In my role as an artist of conversation with Max, Martin and their parents, I have found particularly helpful social constructionism's focus on the power of dialogue to open up a multiverse. This has allowed me to perceive family-professional exchanges as encompassing both explanation and understanding. In encounters, our shared search for a multiverse appears liberating because it creates a wide-angle perspective. When we become curious instead of critical about how people engage in one another’s reality, we open for the assessment of alternative paths (Anderson, 1997). My understanding of the social constructionist perspective gives me courage, acceptance and belief in the power of dialogue.

Illness Phenomena: A Meeting of Medical and Phenomenological Perspectives

Illness as a phenomenon encompasses different dimensions of human life, and as a phenomenon, it consists both of narratives and physiological conditions. A lifeworld such as that which Max, Martin and their parents must manage brings with it a need for knowledge and help with medical, psychological and social arenas. The more intricate and complex the condition, the greater the need for thoroughness in finding ways to provide a holistic service. The challenges faced by the family, therefore, also involve ideas not immediately embraced by systemic perspectives.

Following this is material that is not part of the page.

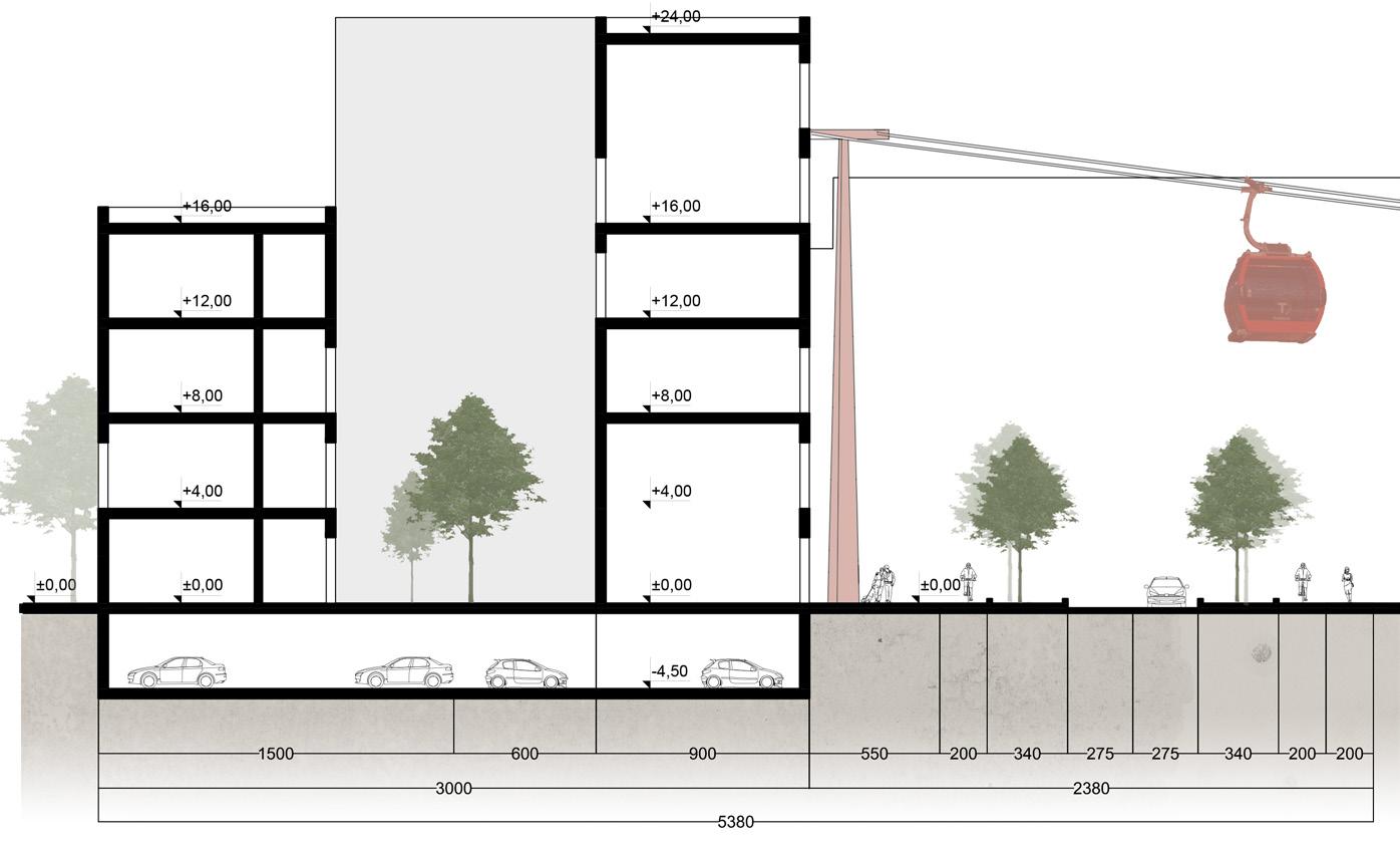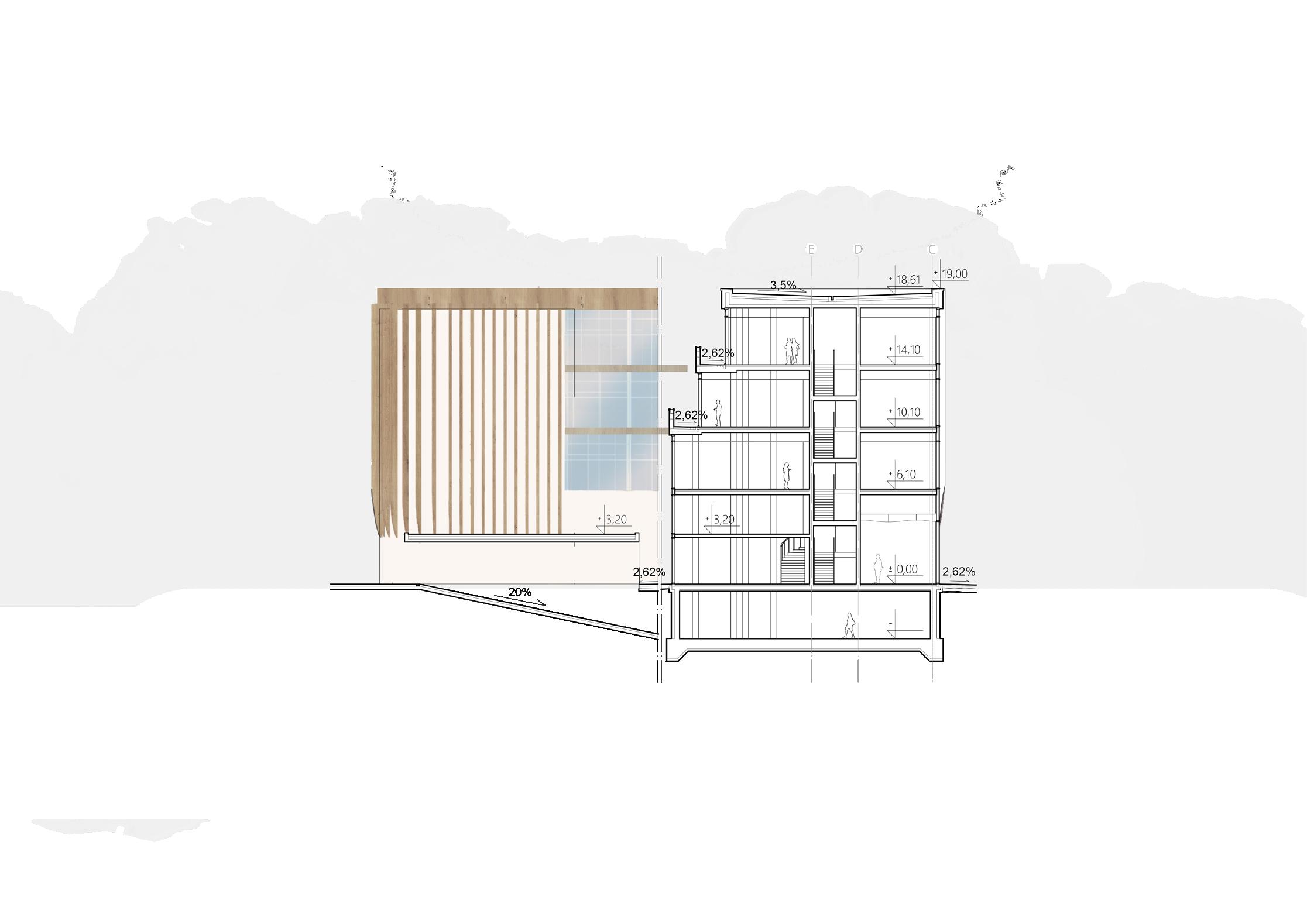 Kaskadowa forma budynku, uzyskana przez wycofanie górnych kondygnacji, tworzy tarasy widokowe i rekreacyjne z zielenią, które integrują budynek z otoczeniem i służą jako miejsca spotkań.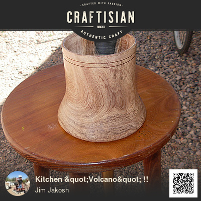 This started as a round mesquite branch with a crotch attached that I was given to see what could be make out of it . I cut the straight part free and rounded it up on the lathe and found it had this punky stripe in it. I cut out the punky stuff with a die grinder and filled it with black epoxy ( had to build dam around it). Then I turned the shape and bored out the center and finished it with a 3 stage buff and wax. The black epoxy did not shine up very well with the Tripoli and white diamond. I'll take it home to be finished with my plastic buffing material and polish. Being that this was pretty green wood, I don't expect it to be round when I get to Michigan with it. It is 5 1/2" diameter at the base and 5 1/2" high.

Families do not need either-or, but both: to explain and to understand. In my effort to keep family-professional dialogues open to the multiverse with families like this one, I have found resources in the work of medical philosopher Fredrik Svenaeus (2011) who views these ideas as well-suited to achieving an understanding of the special requirements of lifeworld’s altered by serious illness. Being the parent of a dying child can be experienced in terms of existential threat that becomes anchored in the body as physical pain and despair. The threat of the loss of a child can be experienced as an existential crisis in which being-in-the-world changes character and becomes unhomely in a threatening and chaotic manner. For parents, explanations are sought in which the chaos story can be made more understandable and eventually replaced by a restitution narrative. Svenaeus also describes a third type of narrative, the quest narrative, the path between these two. In this story, parents can redefine the situation from threat to one in which they can find new meaning because the meaning structure of narrative can be opened, unpacked and displayed in new ways (Svenaeus, 2011).

Mother: What was so strange was that they didn’t find anything wrong, not on the tests, not in the pictures. And then of course you think, there’s nothing wrong, it’ll probably be fine. But then everything got worse. When the boys finally got the diagnosis, we screamed non-stop for two days. I remember the feeling of waking up but still being caught in the nightmare. It was as though someone ripped the rug out from under my feet, and underneath there wasn’t a floor, just a black hole.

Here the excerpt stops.